Create a procedure READ_DATA1 using the above example and verify that you can read the data from this file. Print out the values of the array H after you have read the file to check that you can access the file correctly.
Exercise 2
Change the statement H=FLTARR(3,5) to H=INTARR(3,5) in the DATA_READ
procedure. Now test the procedure. What was the effect of this change?
What do you think was the cause? It makes sense to use the FLTARR function
to set up an array so the numbers are not rounded to integers. There are
also times when one may want to use double or complex data types.
Exercise 3
In the above exercises we needed to know the size of the file that
we want to read before it is read. Suppose that all that we know is that
the data is stored in three columns, and that the number of rows is unknown.
This is often the case with a data file. Let us investigate the idea of
reading the file a line at a time and then saving the results. We do this
until the end of the file is found.
We might try a procedure like the following. The idea is to construct an array that has more rows than we think will possibly be used. Then we can read one line at a time into a vector, here called S, and store that into the current row of the array. We expect the reading to stop when we hit the end of the file.
Put the following program in a file named read_data2.pro and test it on the exdata.dat file. Do not be surprised when it breaks. We will fix up the problems once we see them.
PRO READ_DATA2, H, filename
OPENR,1,filename
H=FLTARR(3,1000) ;A big array to hold the
data
S=FLTARR(3) ;A
small array to read a line
FOR n=0,999 DO BEGIN
READF,1,S ;Read
a line of data
PRINT,S ;Print
the line
H[*,n]=S ;Store
it in H
ENDFOR
CLOSE,1
END
You can run the file by doing something like the following
fname='/cis/myname/idl/data/exdata.dat'
READ_DATA2,A,fname
The results will be a list of the file contents (produced by the print statement) and then a lot of complaints and error messages that are produced by an encounter with the end of the file. In fact, it quits so ungracefully that it does not return any values in the array H. As you would expect, there is a way to overcome this kind of problem.
First, type CLOSE,1 in the IDL command line to close the file that was left open when the program stopped. If you don't do this then you will run into complaints below.
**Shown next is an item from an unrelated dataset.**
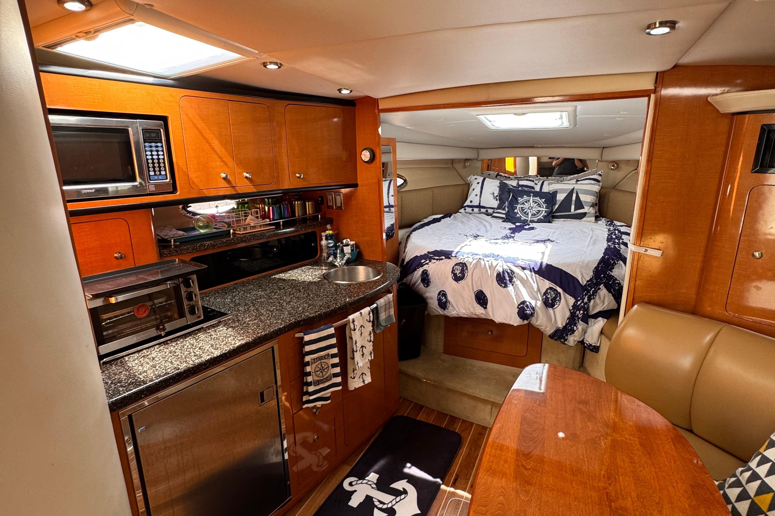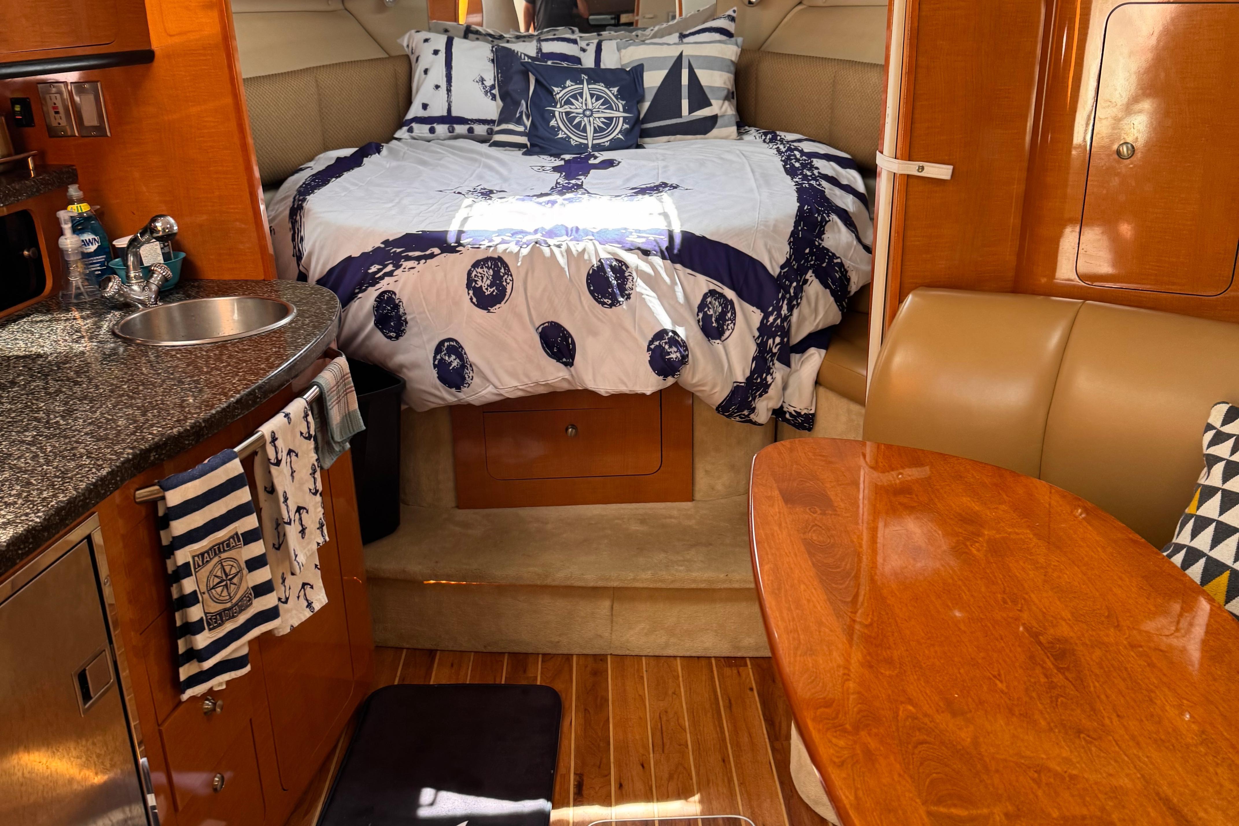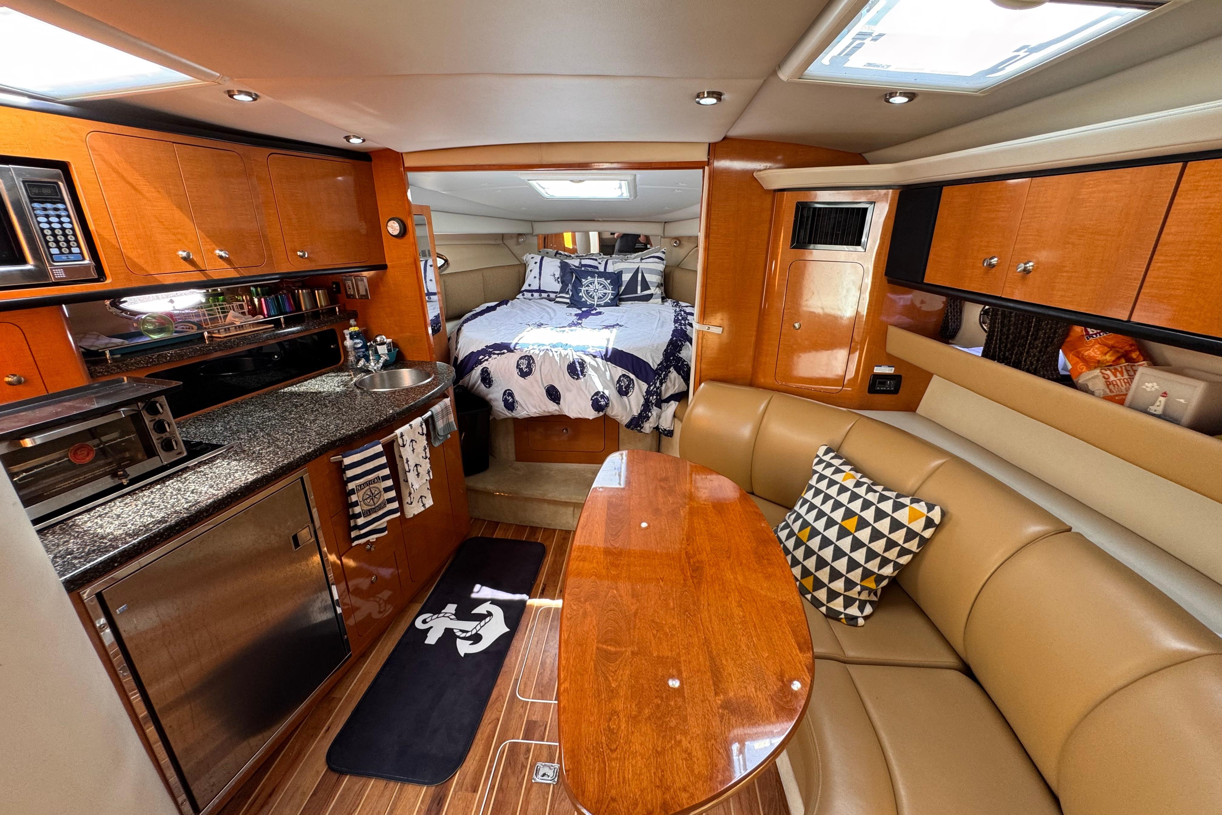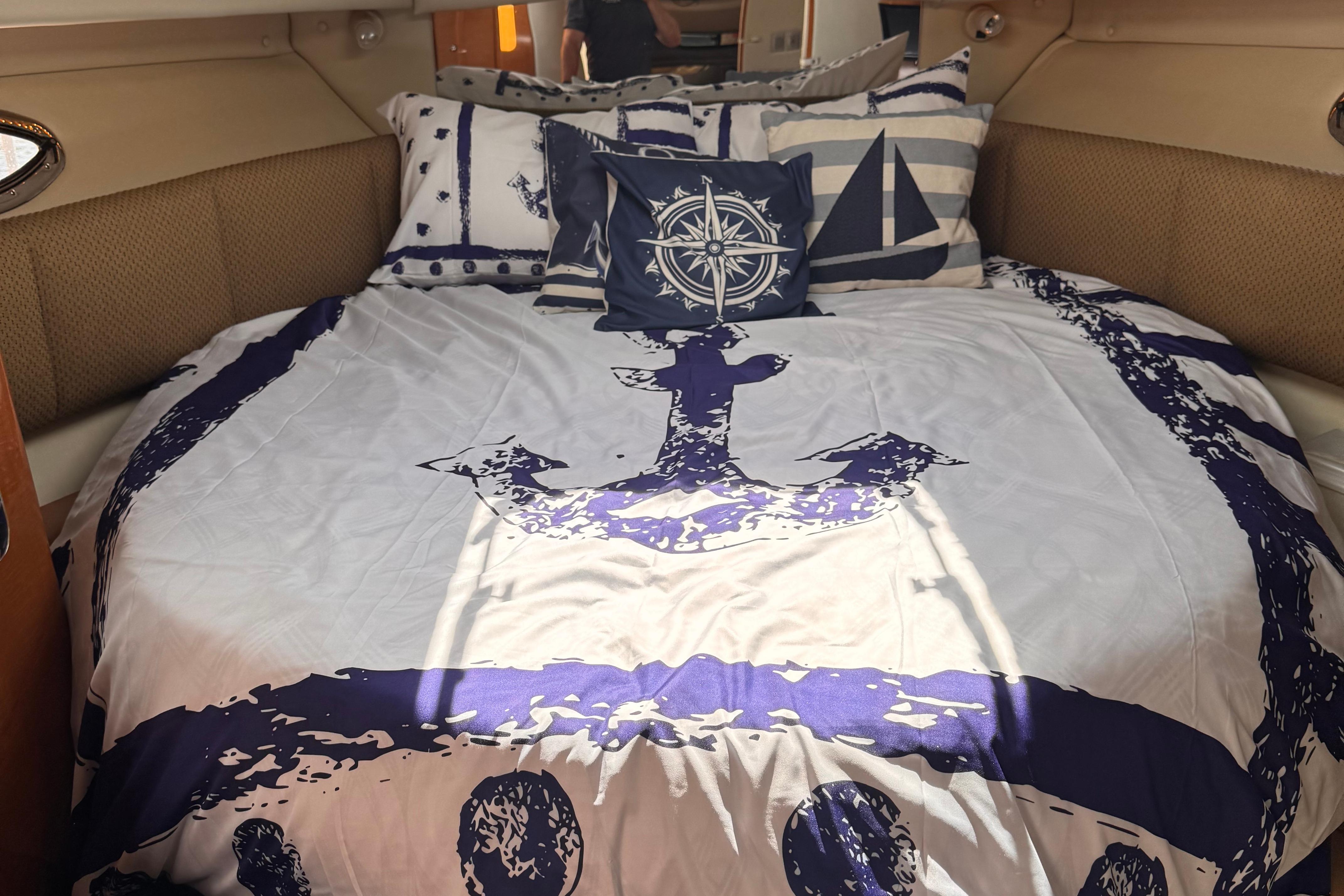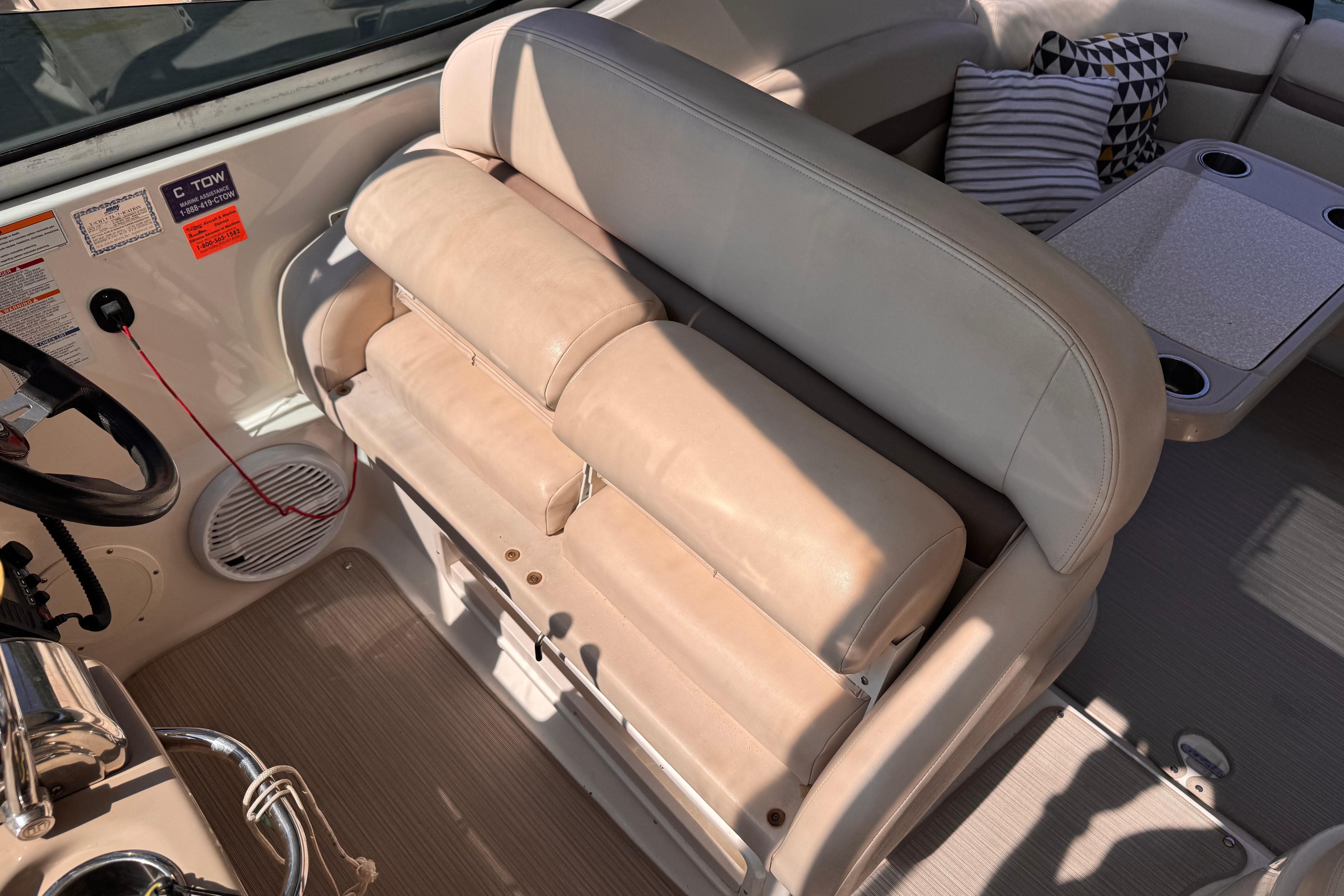 - New rear canvas c/w with new style Elastic Tie-downs 2023 - Additional Bilge pump installed 2023 and all pumps replaced at the same time - Front Bilge pump replaced 2024 - Bow Thruster motor rebuilt 2022 - Bow thruster Blade replaced 2023 - Bow thruster battery replaced 2024 - Shut Off Switch and Fusible Link for Bow Thruster replaced 2022 - House Battery and Gen Set batteries replaced 2023 - Main Engine Batteries replaced 2021 - All Battery cables replaced 2019 - All Electrical Shut Off Switches replaced 2023 - All engine exhaust manifolds and Risers replaced 2022 - Most Sensors replaced on both engines 2022/2023 - On Board Fire Extinguishing System replaced 2022 - Rudders pulled, shafts and bushings inspected and new packing 2022 - Navionics upgrade in 2022 with Garmin 7410 Marine GPS Plotter/radar - New Dome Radar and Depth Sounder 2022 - New Icom VHF IC-M506 Marine radio and Fiberglass antenna 2023 - Bottom Paint last spring - Props, shafts and Trim Tabs had “ Prop Speed “ coatings applied Spring 2023 - Boat is compounded and waxed annually - Full Service carried out by Conrad's Marine November 2024 including winterization and Shrink wrapped. - Some seat cushions and backrests reupholstered in Spring 2023 - Carpets were new in 2021 - Shower Controls at Swim Platform replaced 2023

We will make use of a function called ON_IOERROR which does the job of detecting errors when reading files. It can be used to cause the program to jump to another statement (which we will use to close the file and continue gracefully). The statement ON_IOERROR,stmt causes the program to jump to the line that begins with stmt: when an error is detected.
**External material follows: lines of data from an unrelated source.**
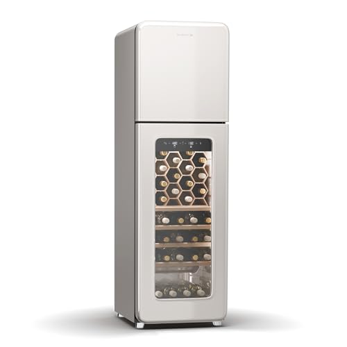 - **Zwei Temperaturzonen**: Genießen Sie die perfekte Lagerung für Rot- und Weißweine dank der getrennten Temperaturzonen, während das obere Fach auch als Gefrierbereich dient. **Stilvolles Retro-Design**: Mit seiner eleganten Vintage-Optik und der stilvollen LED-Beleuchtung fügt sich dieser Kühlschrank harmonisch in jede Wohn- oder Kücheneinrichtung ein. **Großes Fassungsvermögen**: Platz für bis zu 63 Flaschen sorgt dafür, dass Ihre Weine unter optimalen Bedingungen gelagert werden und ihre Qualität langfristig erhalten bleibt. **Hybrid-Regale**: Die Kombination aus stabilen Metallrosten und ansprechenden Holzfronten minimiert Vibrationen und bietet eine attraktive Präsentation Ihrer Weinsammlung.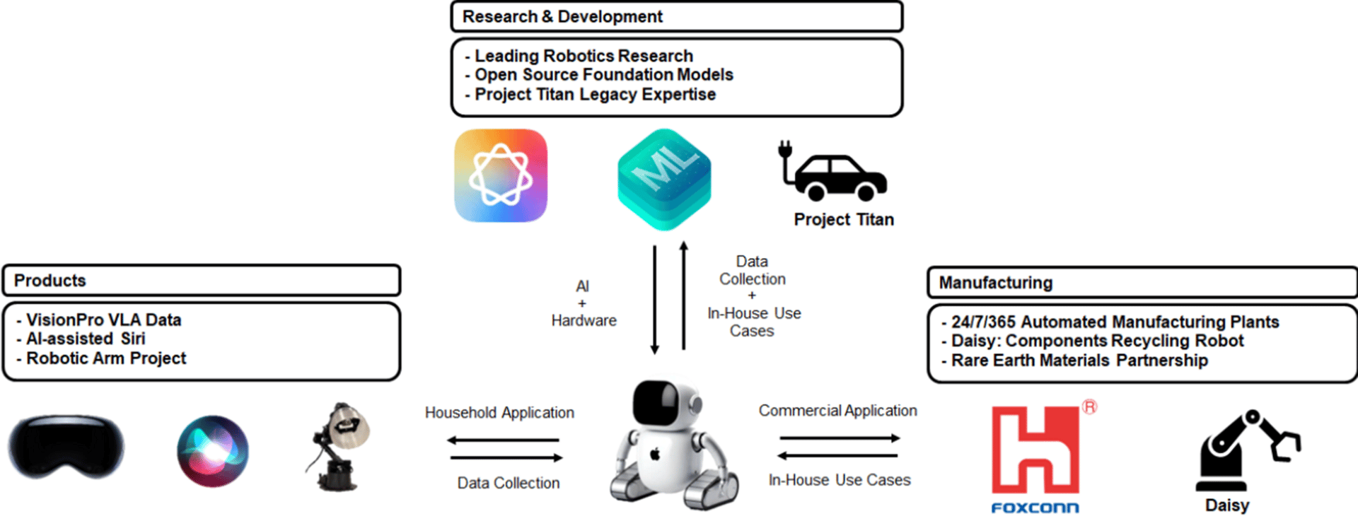 Apple's expertise in vertically integrating hardware, software, services and semiconductors, its learnings from manufacturing at scale for several decades, and its ability to collect and harness vast amounts of differentiated visual data across 2.3bn devices and over 1.4bn iPhones serves as the basis for its Robotics efforts. Yet in addition, Apple is investing in rare earth minerals, accelerating machine learning hiring, ramping robotics patent activity/research, and reportedly collaborating with leading physical AI companies (BYD) to accelerate its robotics efforts. With control over hardware, software and data, and the expertise in solving early robotics use cases within its own supply chain (Daisy), Apple is uniquely positioned to help lead the next wave of intelligent machines.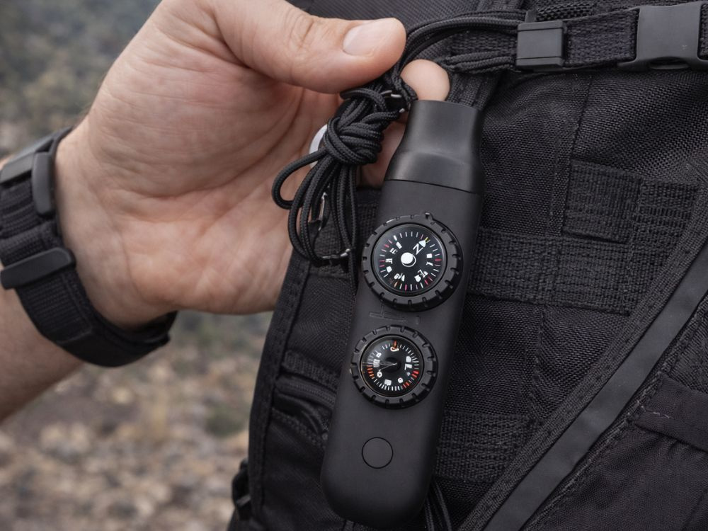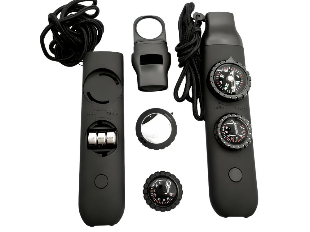 Wielofunkcyjne narzędzie outdoorowe łączące w sobie gwizdek ratunkowy, kompas, latarkę, lupę oraz termometr. Kompaktowa konstrukcja pozwala mieć pod ręką niezbędne akcesoria podczas wypraw, biwaków i aktywności w terenie.

Create the following procedure. The key changes are shown in red. A while loop is used to read data. A counter n is incremented on each cycle of the loop. Reading stops whenever 1000 lines have been read or an end of file is encountered. After the end of file, the array is shortened to the number of rows that were actually read.
PRO READ_DATA3, H, filename
OPENR,1,filename
H=FLTARR(3,1000) ;A big array to hold the
data
S=FLTARR(3) ;A
small array to read a line
ON_IOERROR,ers
;Jump to statement ers when I/O error is detected
n=0 ; Create
a counter
WHILE n LT 1000 DO BEGIN
READF,1,S ;Read
a line of data
PRINT,S ;Print
the line
H[*,n]=S ;Store
it in H
n=n+1
;Increment the counter
ENDWHILE
;End of while loop
ers: CLOSE,1
;Jump to this statement when an end of
file is detected
H=H[*,0:n-1]
END
Test this program on the exdata.dat file.
Exercise 4
The above procedure has the drawback that the maximum size of the file
that can be read is 1000 lines. It also is restricted to files with 3 columns.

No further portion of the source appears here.